Some suggest they're doing the payer a favor already. Methadone is a lot cheaper than Oxycontin, right? So we should all just be grateful that the 800 mg MED is coming from a cheap source and not an expensive name brand drug. As if incredibly dangerous drug regimens are somehow made more appropriate because the monthly cost is lower than it might be.
Some note the nobility of our efforts, but label them as futile from the start. They suggest outright disbelief that a particular injured worker will ever be able to reduce intake of opioids, however medically unnecessary the drugs may be. The doctor is happy to refer them to a comprehensive pain management program... and they'll be equally happy to begin prescribing opioids again when the program fails. The prevailing attitude: these patients can't live without these drugs, so let's just prescribe away the pain.
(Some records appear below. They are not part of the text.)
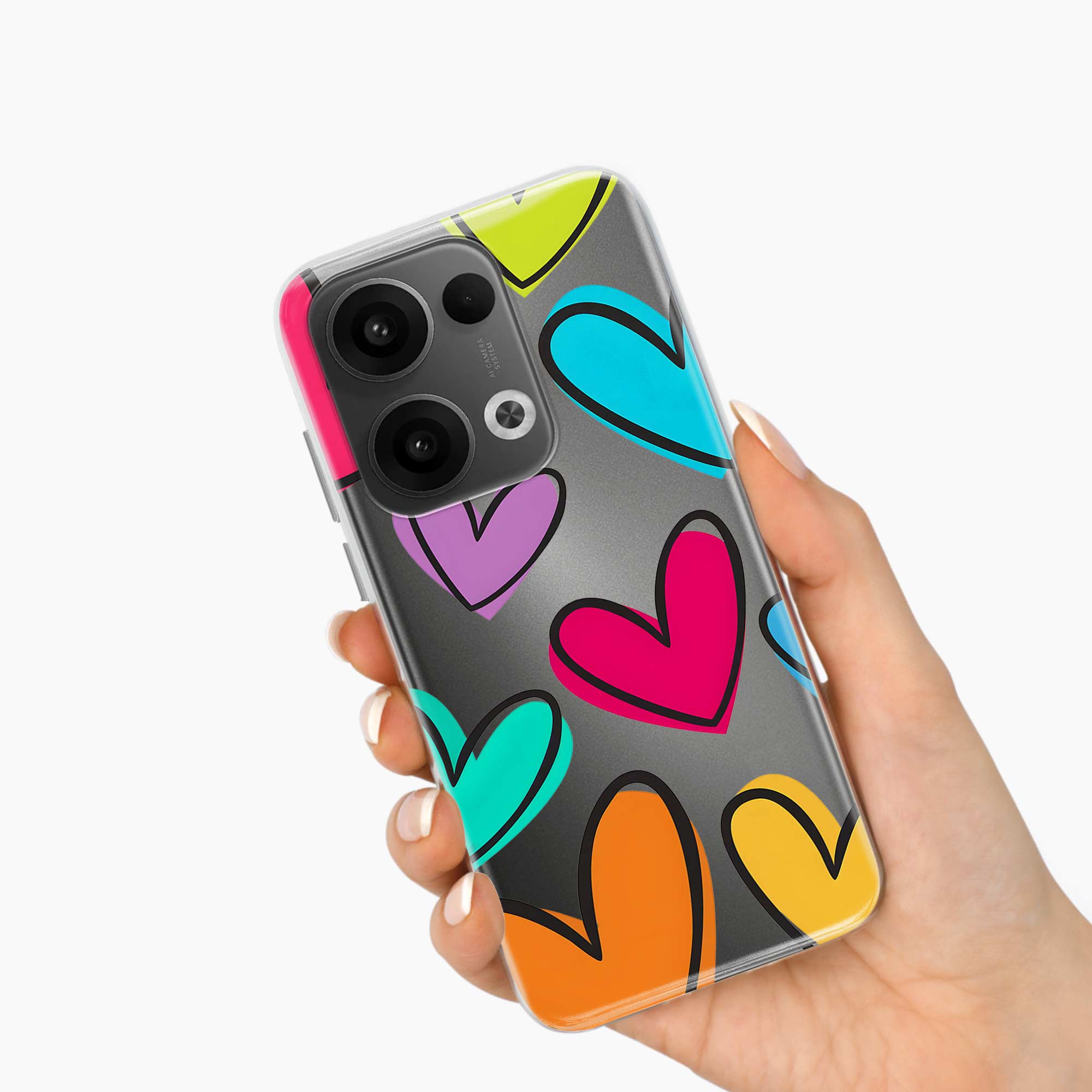 Multicolor Hearts Oppo Reno 13 5G Silicone Back Cover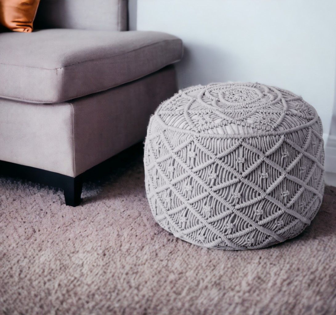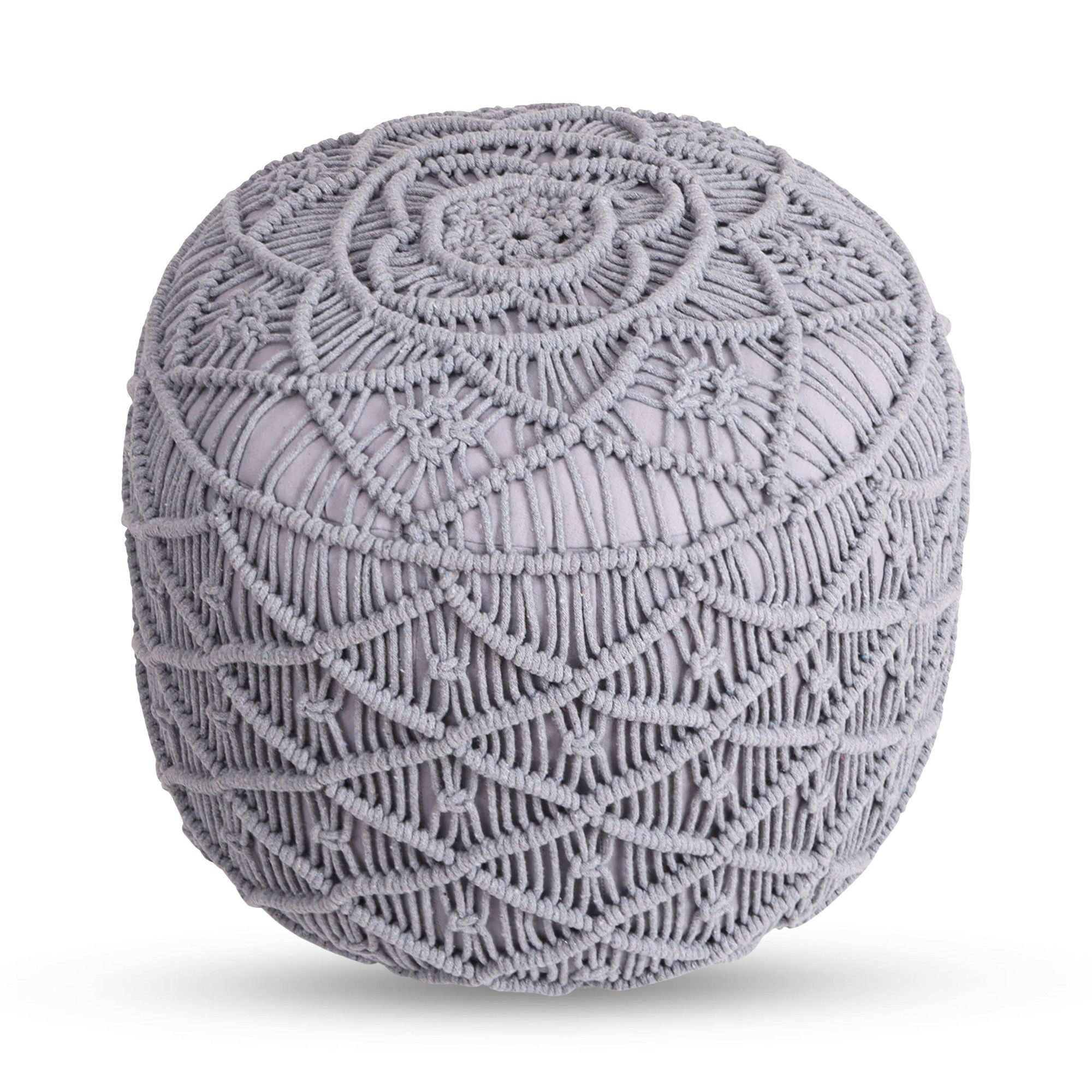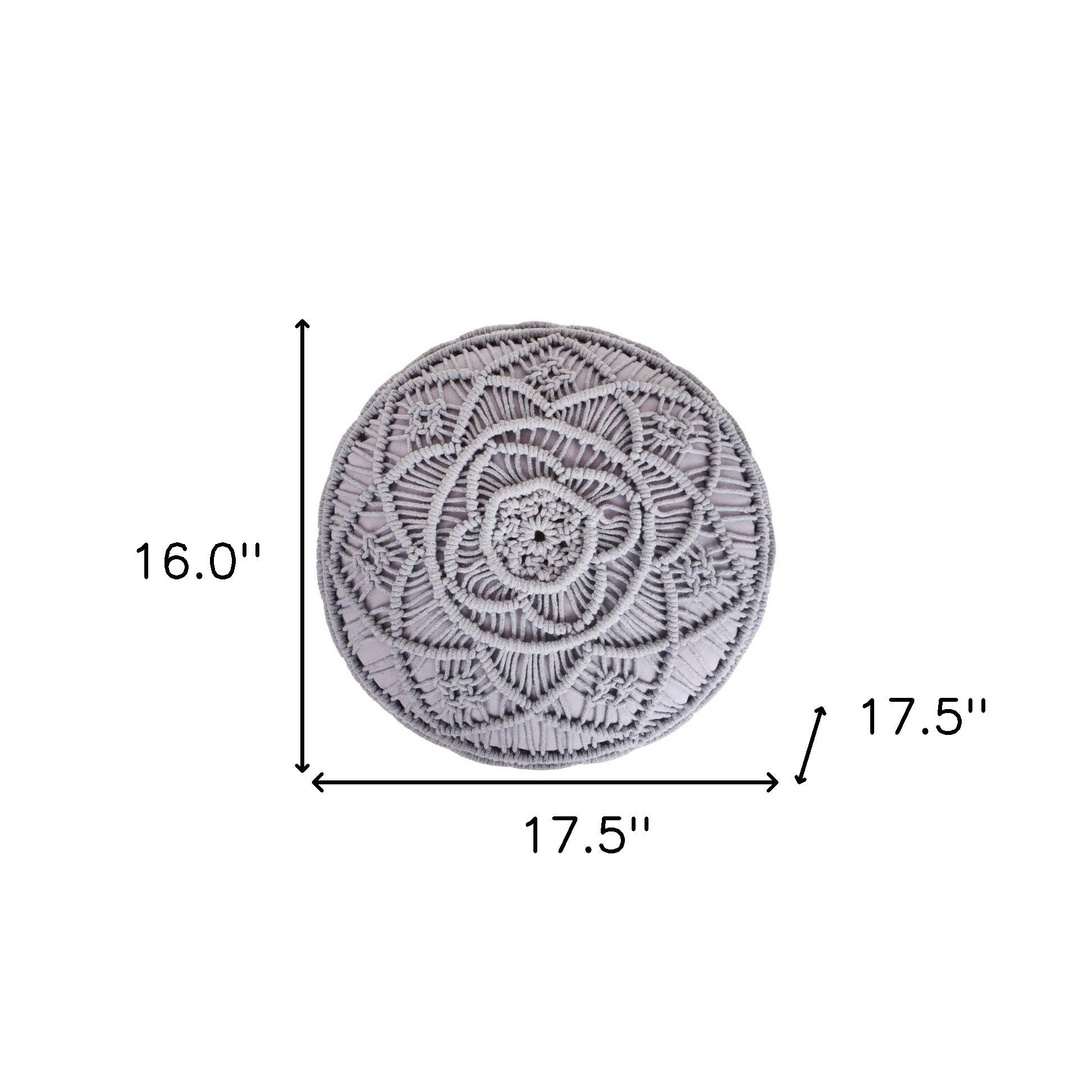 Get ready to relax with this 18-inch light gray cotton blend round floral pouf ottoman. Add chic style to your space with this fun pouf that not only looks cool but can be a great foot rest or extra seat when needed. Expertly upholstered with padding and soft cotton blend in a floral pattern, this ottoman is as comfortable as it is good looking. Ottomans are multi-functional additions to your space that add fashion and practical value. 16-inch H x 17.5-inch W x 17.5-inch D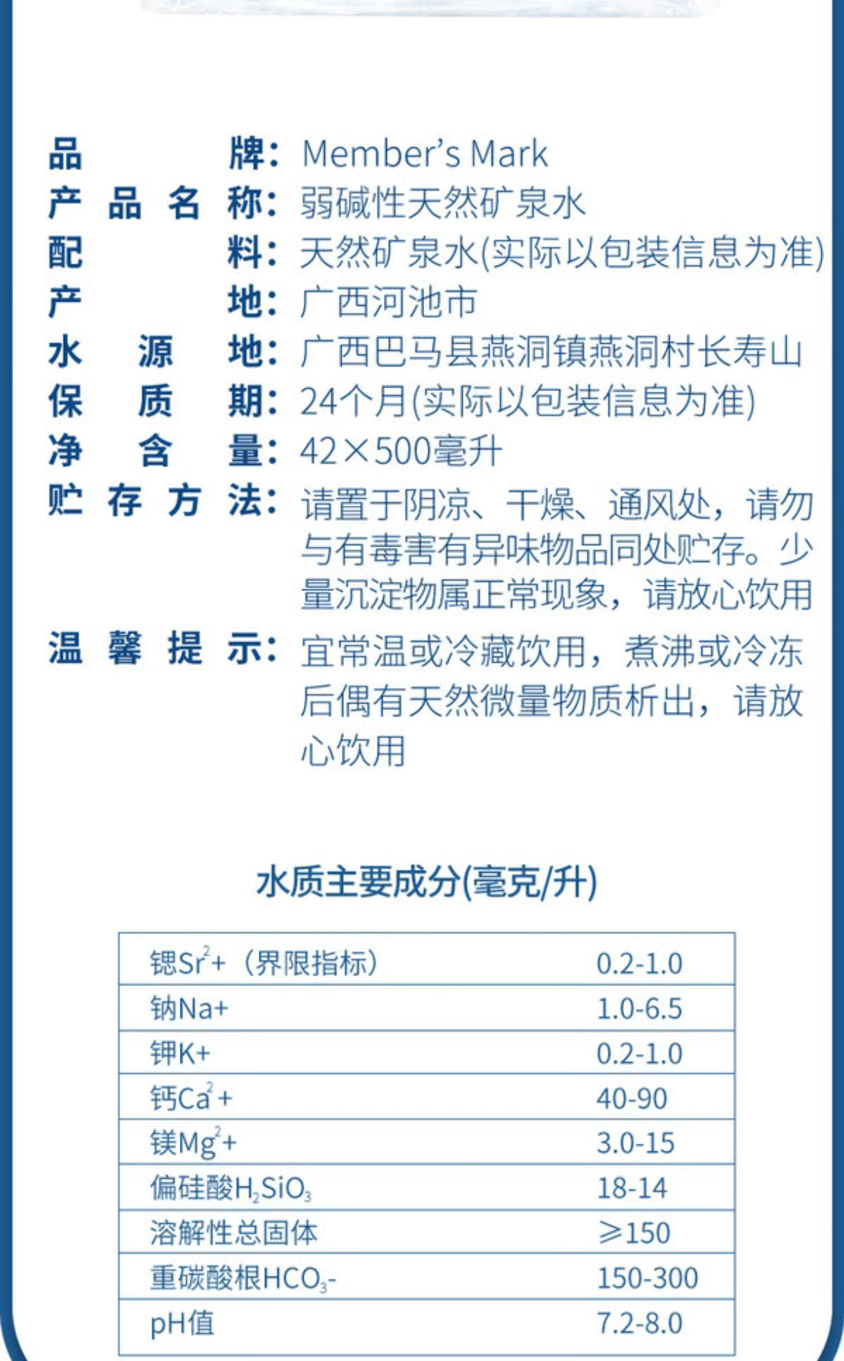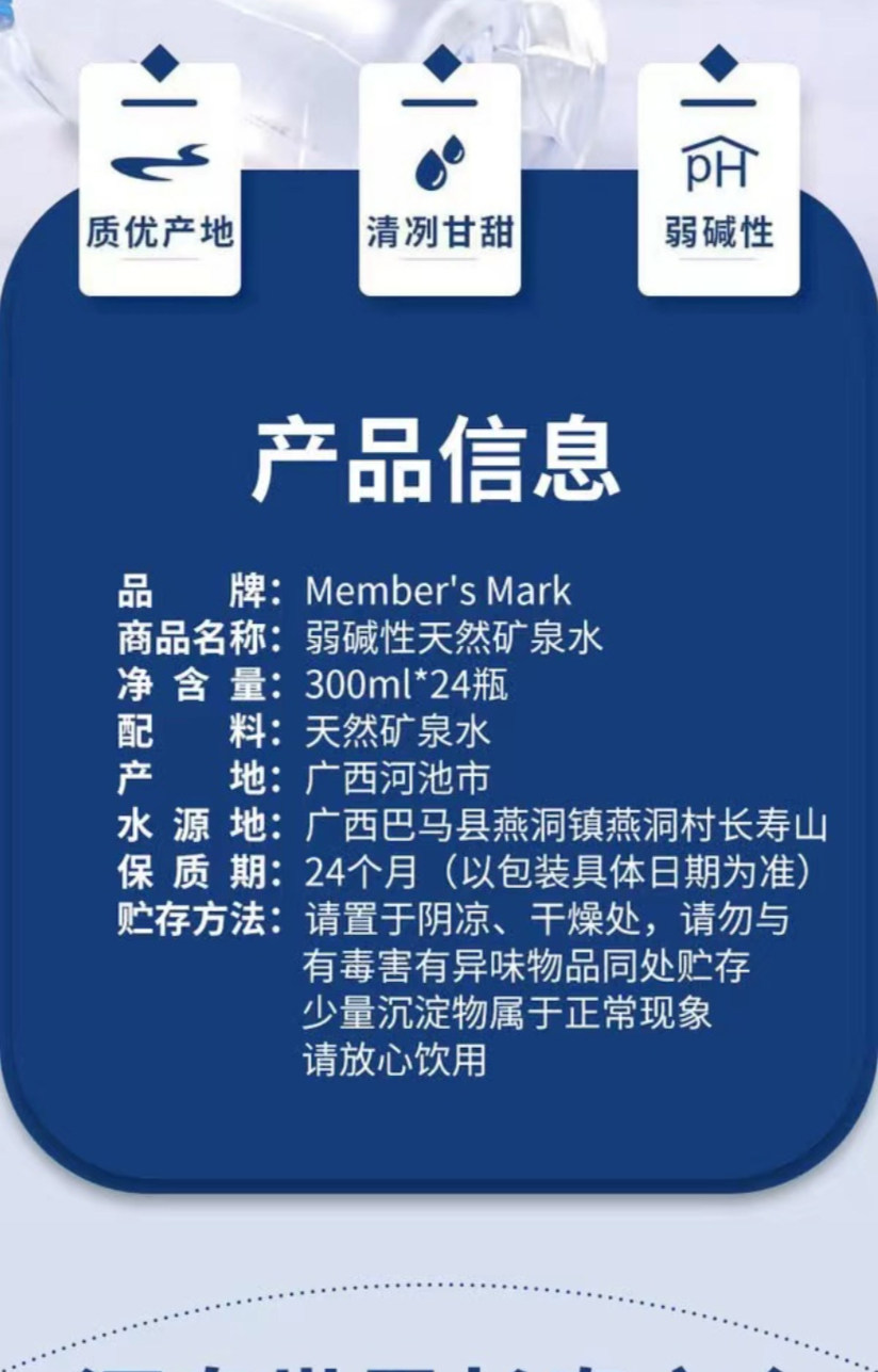| Вкус: | 1 флакон*300мл (бесплатная пробная доставка) (слабощелочная), 4 флакона*300мл (слабощелочная), 12 бутылочек*300мл (слабощелочная), 24 флакона*300мл (упаковка невскрытая) (слабощелочная), 48 флаконов*300мл (целая упаковка) (слабощелочная), 10 бутылочек*500мл (слабощелочная), 20 бутылочек*500мл (слабощелочная), 42 флакона*500мл (целая упаковка) (слабощелочная), 4л*1 бочка (семейный размер) 4000мл (природная питьевая вода неслабощелочная), 4л*4 бочки (семейный размер) 16000мл (природная питьевая вода неслабощелочная), Наличие осадка в природной минеральной воде является нормальным и здравым смыслом. |

Here's the thing, payers: You're financing all of this. Make no mistake: If you stop paying for it, there will be noise. Nasty phone calls, unsettling letters, complaints left and right. But there are ways to cease payment without creating emergent clinical events for the injured worker. There's a right way to do this. And while I wish there was a simple solution to this very complicated problem, there's not. The solution is sophisticated, multi-faceted, and requires clinical, medical/legal, and jurisdictional expertise. There are no cookie cutters here... just a lot of claims and a lot of hard work to do.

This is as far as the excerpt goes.